== Given records ==
--- START ---

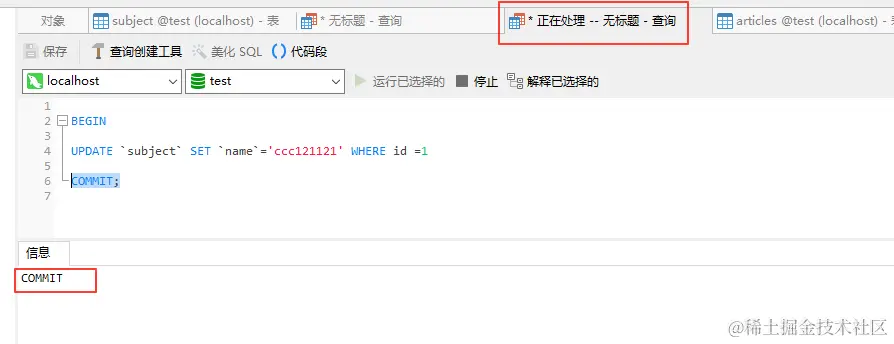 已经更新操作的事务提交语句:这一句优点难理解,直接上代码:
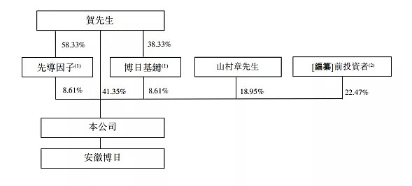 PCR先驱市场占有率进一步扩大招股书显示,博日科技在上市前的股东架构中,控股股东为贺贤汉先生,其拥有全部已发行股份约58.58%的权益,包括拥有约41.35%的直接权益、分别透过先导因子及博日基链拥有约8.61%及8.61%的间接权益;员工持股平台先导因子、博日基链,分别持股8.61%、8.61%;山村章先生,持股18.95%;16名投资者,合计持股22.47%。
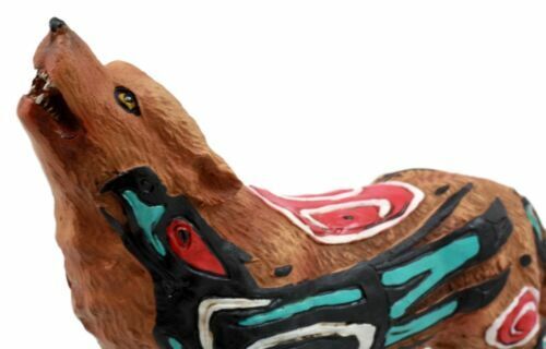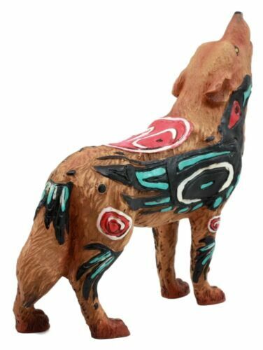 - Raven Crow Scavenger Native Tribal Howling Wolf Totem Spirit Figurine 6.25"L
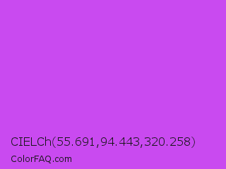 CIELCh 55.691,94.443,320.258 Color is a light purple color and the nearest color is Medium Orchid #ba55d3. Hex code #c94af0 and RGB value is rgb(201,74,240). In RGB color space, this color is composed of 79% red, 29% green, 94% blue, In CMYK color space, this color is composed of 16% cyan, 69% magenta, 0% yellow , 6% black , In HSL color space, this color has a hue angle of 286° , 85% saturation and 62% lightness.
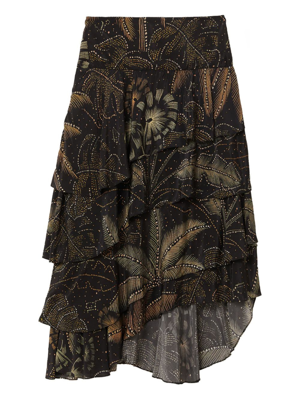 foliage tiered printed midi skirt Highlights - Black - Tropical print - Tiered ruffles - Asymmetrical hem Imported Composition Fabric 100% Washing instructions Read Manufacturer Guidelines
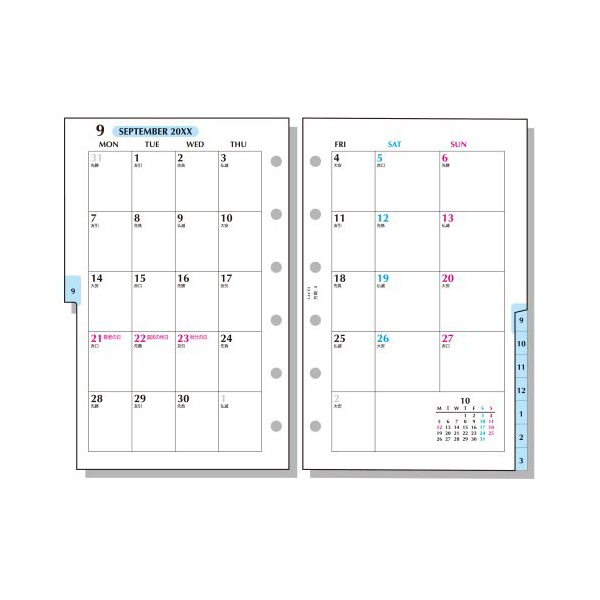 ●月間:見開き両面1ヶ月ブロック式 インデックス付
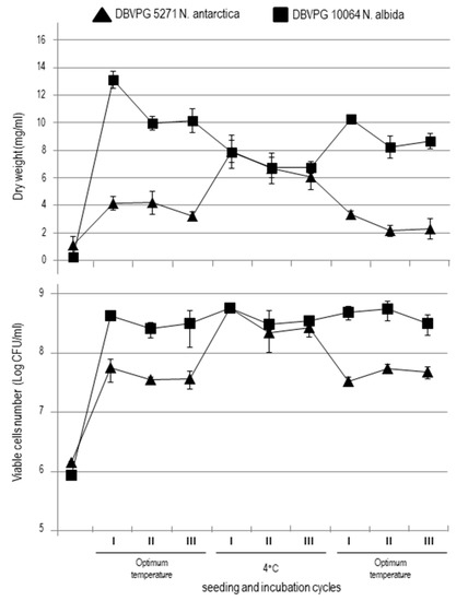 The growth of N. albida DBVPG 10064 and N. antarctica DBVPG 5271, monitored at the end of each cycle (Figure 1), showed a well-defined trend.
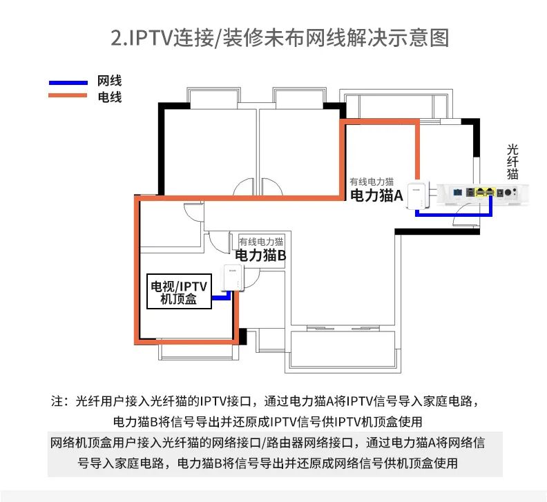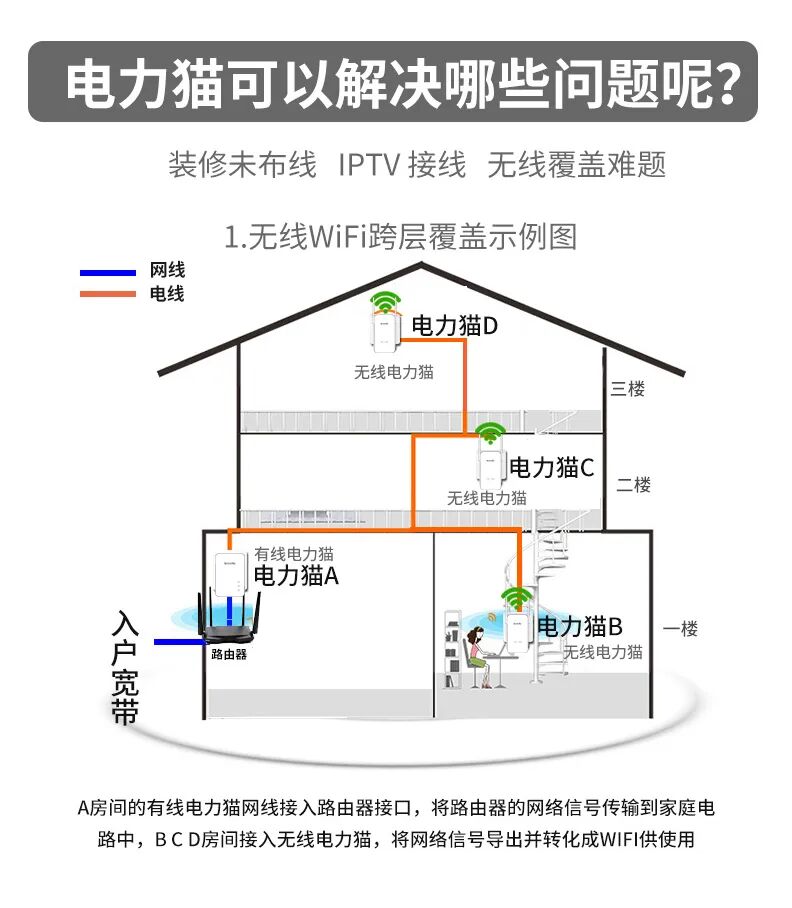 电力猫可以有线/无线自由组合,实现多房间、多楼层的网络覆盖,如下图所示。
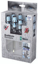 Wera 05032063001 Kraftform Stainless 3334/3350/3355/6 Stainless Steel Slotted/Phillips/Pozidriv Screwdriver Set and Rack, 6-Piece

--- END ---
--- START ---

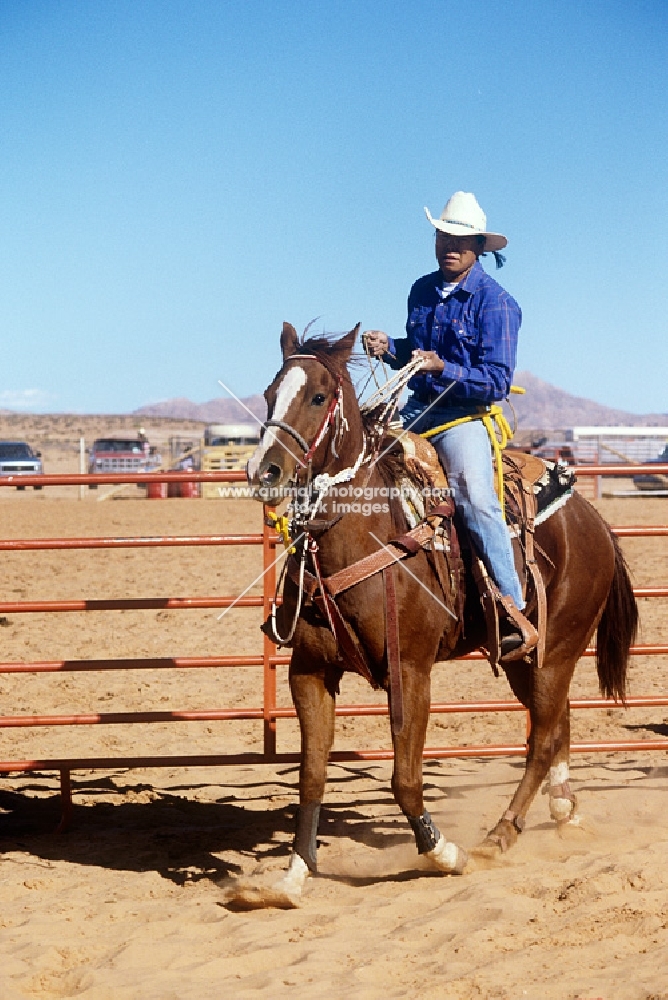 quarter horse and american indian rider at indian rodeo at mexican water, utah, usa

--- END ---

== What to do ==
Write out the lines above from the one with "The growth of" through the one with "电力猫可以有线/无线自由组合,实现多房间、多楼层的网络覆盖,如下图所示。", ends included, exactly; no picture goes in.

== Solution for this problem ==
 The growth of N. albida DBVPG 10064 and N. antarctica DBVPG 5271, monitored at the end of each cycle (Figure 1), showed a well-defined trend.
 电力猫可以有线/无线自由组合,实现多房间、多楼层的网络覆盖,如下图所示。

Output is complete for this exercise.